= Gilles-François Boulduc =

French chemist (1675–1741)

Gilles-François Boulduc (born 20 February 1675 in Paris; died 17 January 1741 in Versailles) was a French pharmacist and chemist.

==Biography==
Boulduc was the son of Simon Boulduc (1652-1729), apothecary and chemistry demonstrator at the Royal Academy of Sciences. Gilles-François apprenticed as a pharmacist, studied Descartes' physics with Pierre-Sylvain Régis and medicine with Antoine de Saint-Yon at the Jardin du Roi.

He was received on 14 March 1695, at the age of twenty, as a master apothecary then admitted to the apothecaries' guild.

On 14 February 1699 he became a chemist's student of his father, at the Royal Academy of Sciences. He became apothecary to Madame Palatine in 1705 and held the position until 1722. In 1712 he became apothecary to King Louis XIV and remained so after his death, for King Louis XV. He did research at the Académie des Sciences from 1699, where he became assistant chemist in 1716 and associate chemist in 1727, succeeding François Pourfour du Petit.

In 1717, he became judge of the commercial court (“Consul”), then, in 1726, an alderman of the city of Paris. This office ennobled him and allowed him to bear the title of squire.

In 1731, he hosted Georges Buffon who arrived in Paris after his European tour.

From 1736 to 1742, he was apothecary to Queen Marie Leszczyńska.

==Works==
Boulduc analysed organic substances and medicines.
Dissatisfied with the dry distillation method, he studied the use of different solvents and examined, for example, the differences between aqueous and alcoholic solutions of organic substances.

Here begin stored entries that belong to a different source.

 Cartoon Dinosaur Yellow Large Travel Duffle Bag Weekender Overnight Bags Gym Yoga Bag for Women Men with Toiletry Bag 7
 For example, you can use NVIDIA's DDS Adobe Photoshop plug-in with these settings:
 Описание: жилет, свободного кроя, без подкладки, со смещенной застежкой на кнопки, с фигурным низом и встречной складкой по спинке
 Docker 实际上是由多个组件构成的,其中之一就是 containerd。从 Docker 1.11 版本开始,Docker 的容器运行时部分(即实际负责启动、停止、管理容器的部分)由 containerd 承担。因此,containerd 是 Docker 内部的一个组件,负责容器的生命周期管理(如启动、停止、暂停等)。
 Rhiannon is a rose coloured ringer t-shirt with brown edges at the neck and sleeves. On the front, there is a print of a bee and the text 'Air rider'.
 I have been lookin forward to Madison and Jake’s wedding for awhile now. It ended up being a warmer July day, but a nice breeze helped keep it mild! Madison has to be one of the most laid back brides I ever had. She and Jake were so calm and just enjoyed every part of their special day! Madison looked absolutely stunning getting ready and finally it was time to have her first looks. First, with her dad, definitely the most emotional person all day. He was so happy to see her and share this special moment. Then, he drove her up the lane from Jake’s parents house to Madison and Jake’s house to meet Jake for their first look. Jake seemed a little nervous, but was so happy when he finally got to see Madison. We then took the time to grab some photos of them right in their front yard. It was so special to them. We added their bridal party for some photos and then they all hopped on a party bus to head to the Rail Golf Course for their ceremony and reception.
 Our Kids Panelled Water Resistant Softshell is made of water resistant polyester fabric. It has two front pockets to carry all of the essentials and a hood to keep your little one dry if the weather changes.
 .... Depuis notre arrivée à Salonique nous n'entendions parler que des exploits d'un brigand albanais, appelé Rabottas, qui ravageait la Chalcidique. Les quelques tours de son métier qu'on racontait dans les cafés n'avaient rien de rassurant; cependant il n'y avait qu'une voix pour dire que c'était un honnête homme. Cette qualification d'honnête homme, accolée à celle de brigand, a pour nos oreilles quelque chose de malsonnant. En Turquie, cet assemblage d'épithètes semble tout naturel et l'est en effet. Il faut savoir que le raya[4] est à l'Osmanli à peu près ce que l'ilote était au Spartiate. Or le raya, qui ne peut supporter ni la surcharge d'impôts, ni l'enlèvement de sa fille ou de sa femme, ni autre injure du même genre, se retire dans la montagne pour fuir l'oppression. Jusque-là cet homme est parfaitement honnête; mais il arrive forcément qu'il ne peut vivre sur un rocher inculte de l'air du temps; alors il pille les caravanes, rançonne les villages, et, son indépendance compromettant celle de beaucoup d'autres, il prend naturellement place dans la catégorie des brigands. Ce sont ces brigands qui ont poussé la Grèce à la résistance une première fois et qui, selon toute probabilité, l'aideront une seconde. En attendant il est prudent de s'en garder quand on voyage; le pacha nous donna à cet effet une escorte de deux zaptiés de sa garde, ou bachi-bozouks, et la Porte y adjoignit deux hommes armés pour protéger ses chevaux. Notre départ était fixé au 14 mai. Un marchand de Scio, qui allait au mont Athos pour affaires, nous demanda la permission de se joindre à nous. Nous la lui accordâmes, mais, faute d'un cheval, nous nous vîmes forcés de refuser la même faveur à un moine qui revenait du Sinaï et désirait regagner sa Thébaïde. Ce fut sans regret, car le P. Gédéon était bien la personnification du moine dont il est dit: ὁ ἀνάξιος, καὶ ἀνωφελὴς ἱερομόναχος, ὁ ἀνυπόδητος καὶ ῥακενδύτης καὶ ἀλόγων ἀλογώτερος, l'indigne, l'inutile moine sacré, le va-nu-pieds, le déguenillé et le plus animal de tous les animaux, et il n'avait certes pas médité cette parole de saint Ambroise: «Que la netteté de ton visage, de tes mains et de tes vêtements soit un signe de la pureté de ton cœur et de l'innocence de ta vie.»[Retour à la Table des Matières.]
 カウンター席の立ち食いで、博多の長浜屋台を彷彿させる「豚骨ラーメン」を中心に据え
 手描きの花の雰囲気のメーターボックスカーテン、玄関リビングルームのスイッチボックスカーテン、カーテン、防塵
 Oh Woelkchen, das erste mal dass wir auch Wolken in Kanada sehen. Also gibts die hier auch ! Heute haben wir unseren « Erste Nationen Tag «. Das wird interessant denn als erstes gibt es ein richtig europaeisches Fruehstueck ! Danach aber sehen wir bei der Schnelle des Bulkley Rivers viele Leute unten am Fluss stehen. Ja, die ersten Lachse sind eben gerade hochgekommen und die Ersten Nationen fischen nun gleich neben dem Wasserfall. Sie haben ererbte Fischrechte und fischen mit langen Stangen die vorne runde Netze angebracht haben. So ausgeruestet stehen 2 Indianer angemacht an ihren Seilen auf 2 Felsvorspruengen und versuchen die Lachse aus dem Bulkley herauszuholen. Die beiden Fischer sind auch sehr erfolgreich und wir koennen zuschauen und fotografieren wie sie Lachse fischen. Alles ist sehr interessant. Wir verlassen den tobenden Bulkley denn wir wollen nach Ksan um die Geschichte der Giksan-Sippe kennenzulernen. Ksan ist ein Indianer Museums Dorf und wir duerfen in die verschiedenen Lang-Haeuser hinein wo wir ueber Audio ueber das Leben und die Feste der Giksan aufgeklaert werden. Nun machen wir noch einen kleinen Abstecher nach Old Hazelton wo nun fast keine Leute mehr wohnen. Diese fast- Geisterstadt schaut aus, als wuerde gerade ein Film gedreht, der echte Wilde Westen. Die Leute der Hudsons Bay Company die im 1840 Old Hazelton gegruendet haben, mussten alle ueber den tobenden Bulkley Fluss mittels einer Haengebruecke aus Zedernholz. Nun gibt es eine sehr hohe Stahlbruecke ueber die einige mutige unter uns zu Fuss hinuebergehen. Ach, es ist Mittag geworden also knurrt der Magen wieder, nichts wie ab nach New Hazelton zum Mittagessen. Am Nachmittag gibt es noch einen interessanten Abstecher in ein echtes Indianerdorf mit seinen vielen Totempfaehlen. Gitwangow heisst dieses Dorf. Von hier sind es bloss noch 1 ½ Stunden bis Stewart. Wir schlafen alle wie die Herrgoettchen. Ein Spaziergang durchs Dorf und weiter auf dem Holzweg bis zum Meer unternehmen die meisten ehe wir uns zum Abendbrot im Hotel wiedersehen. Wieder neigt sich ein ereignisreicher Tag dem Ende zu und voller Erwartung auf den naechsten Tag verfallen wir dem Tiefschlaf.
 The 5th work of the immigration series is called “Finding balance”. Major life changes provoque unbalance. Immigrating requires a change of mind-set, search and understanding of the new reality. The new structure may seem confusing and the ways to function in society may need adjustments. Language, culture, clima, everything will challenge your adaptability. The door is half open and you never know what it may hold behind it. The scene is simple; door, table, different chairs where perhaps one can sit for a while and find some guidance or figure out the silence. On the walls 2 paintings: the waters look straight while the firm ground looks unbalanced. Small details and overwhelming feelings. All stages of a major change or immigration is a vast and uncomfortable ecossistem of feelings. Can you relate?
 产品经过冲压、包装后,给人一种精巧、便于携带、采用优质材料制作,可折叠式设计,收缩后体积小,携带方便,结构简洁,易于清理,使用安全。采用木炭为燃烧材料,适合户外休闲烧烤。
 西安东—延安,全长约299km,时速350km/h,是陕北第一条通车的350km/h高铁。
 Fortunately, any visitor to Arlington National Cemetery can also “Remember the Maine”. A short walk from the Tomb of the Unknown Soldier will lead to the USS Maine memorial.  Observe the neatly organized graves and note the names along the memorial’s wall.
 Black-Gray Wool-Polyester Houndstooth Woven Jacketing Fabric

He was interested in laxatives (such as Ecballium elaterium) and worked a lot on salts, such as on the cathartic salt of Spain, produced by a spring near Madrid; on the salt of Dauphiné extracted from the earth near Grenoble (Glauber's salt); on the polycreste salt of Seignette; and on that of Epsom.

Following Pierre Cressé, he researched the composition of the mineral waters of Passy and Forges as well as the waters of Bourbon-l'Archambault.